Hardware verses Software raid can be a religious battle. Depending on what you need and how important your data is. Since my first 3ware card I've always sworn by it. I still have my Escalade 6410 card. It still happily does the job that it did when I first bought it, which was 6 years ago. I have never had a problem using hardware RAID opposed to software. At work I've set up RAIDs for customers and to be absolutely honest, it's a craps shoot. Sometimes it works great other times it doesn't do the job it's supposed to.

If you use RAID 0 or 1 (stripping or mirroring, respectfully) then a simple Silicon Image, Promise, Highpoint or any other RAID card that you can buy for under $100 will do the job just fine. There is little performance hit for these levels. However, when doing RAID 5, 5EE, 6, or 50 there is a lot more overhead because of the algorithm being used to split the data among the drives. The more drives you have the more of a performance hit you will see. Since I run RAID 5 for my data, I choose to a AMCC 3ware 9650-8LPML card. Currently I only have 4 drives, but when the price of a 500GB drive falls I will be adding 4 more. Since switching, I have noticed that my CPU is not running at 100% when I'm transferring massive amounts of data.
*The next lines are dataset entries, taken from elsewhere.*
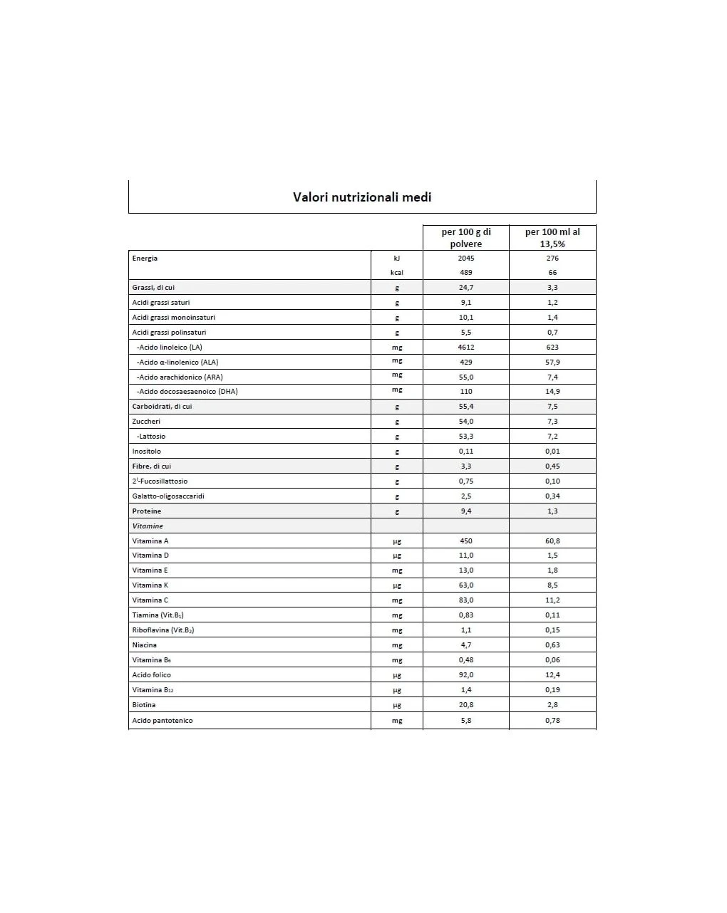 Ricostituzione: 1 misurino raso e non pressato ogni 30 ml di acqua, meglio se minimamente mineralizzata come Humana Amorosa. Humana 1 si ricostituisce al 13,5%. Il misurino raso contiene circa 4,5 g di polvere.
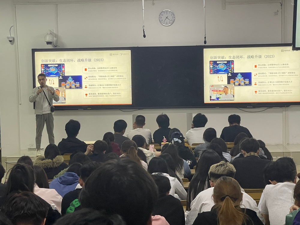 王柏融为我校2018届优秀校友,在校求学期间便胸怀创业理想,敢闯敢试,早早开启创业探索之路,经过在智能化商务服务领域十年的坚守打拼,他最终实现了企业的高质量发展。在讲座中,王柏融结合自身创业经历,围绕创业初心选择、行业赛道研判、市场机遇把握、团队组建管理、创业中的挫折挑战及风险防控等多个维度,用朴实真挚的语言和鲜活生动的案例,倾情分享了自己从萌生创业想法、不断摸索尝试,到精准洞察行业风口、深耕赛道实现稳步发展的完整历程。此外,他还立足当下智能化发展趋势,介绍了AI赋能下OPC创业新范式,勉励同学们紧跟时代潮流、勇于突破自我,主动拥抱创业新机遇,脚踏实地走好创新创业之路。最后的互动交流环节,同学们围绕创业方向选择、创业资金筹备等关心的问题踊跃提问,将现场气氛推到了高潮。
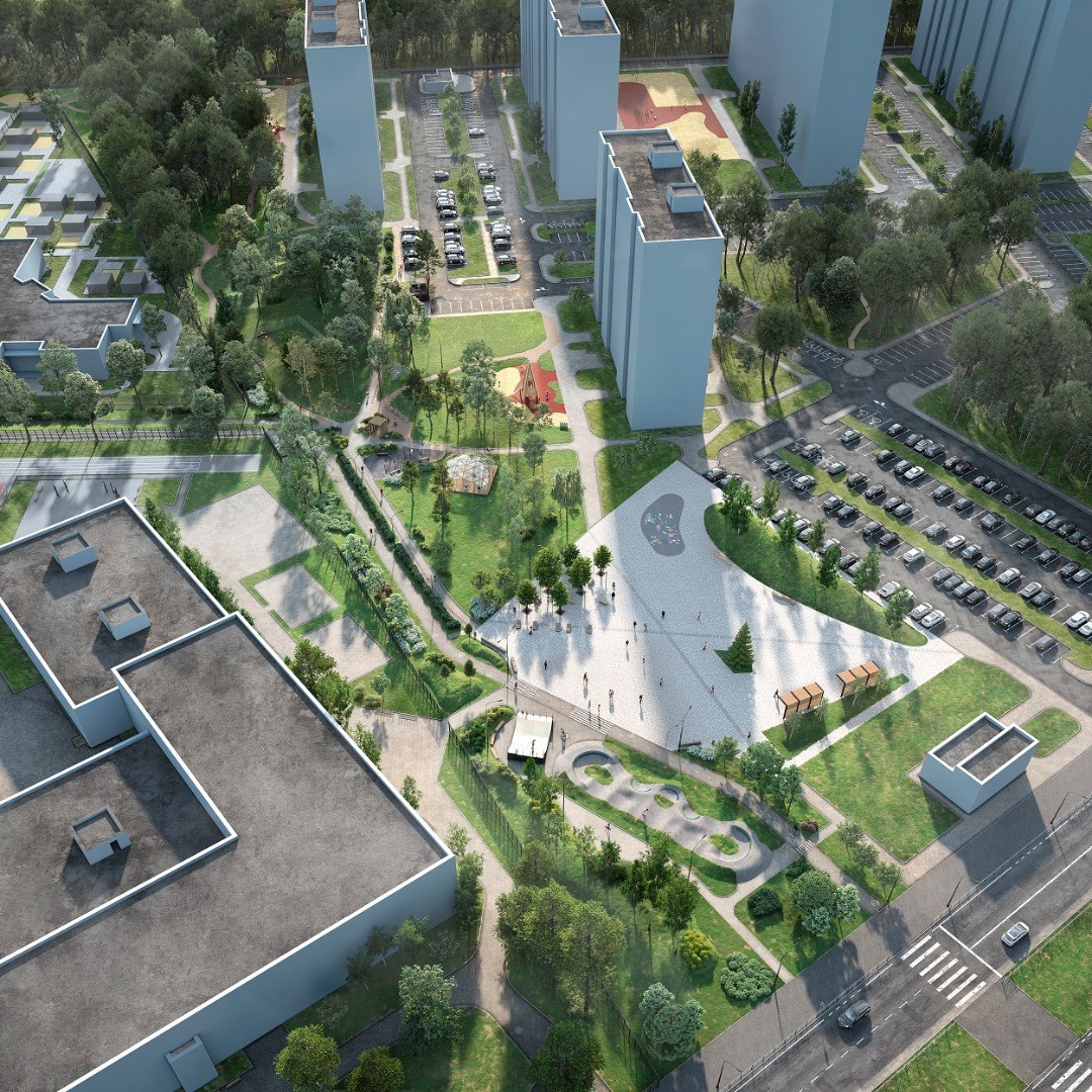 Общественное пространство будет организовано между пятой и шестой очередью экорайона «Юнтолово» и займет площадь порядка 16,4 тыс. м². В новой локации для активного семейного отдыха будет открыто сразу несколько спортивных зон: воркаут-площадка с турниками, деревянный настил с навесом для йоги, а также трюковая рампа для скейтбординга и памп-трек – трасса для заездов на самокатах и беговелах.
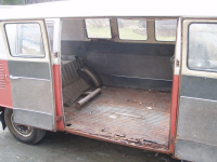P1018150.jpg (165.97 KB. 733x550 - vist 324 ganger.) Westfalia benker, deksel framme, utkapp til rusta vindu, tehengarfeste, bedre støtfangar bak, nos varmerøyr og nos doglegs..ja ogso førarstolen til venstre
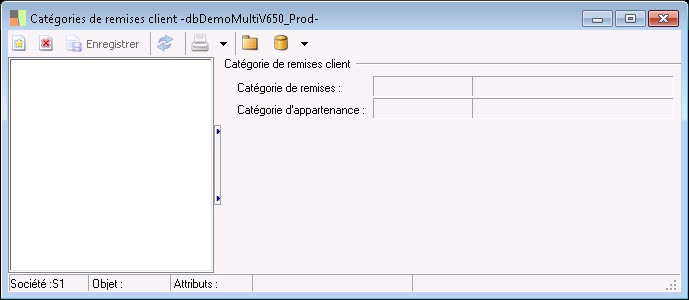 Cette fenêtre présente la liste des catégories liées aux clients permettant de définir la politique des remises. Elle est ouverte par la fonction Fichiers de base / Tarifs / Tarifs de vente / Catégories de remises clients .

If you do choose to go software with your RAID 5, then prepare for a performance hit when copying files. Also if the O/S crashes or you then be prepared that there maybe data loss. Also, you have to reassemble the RAID which may take some time if it doesn't behave like it should. In a business environment you should really only use hardware RAID.

So which is better? Depends on the application.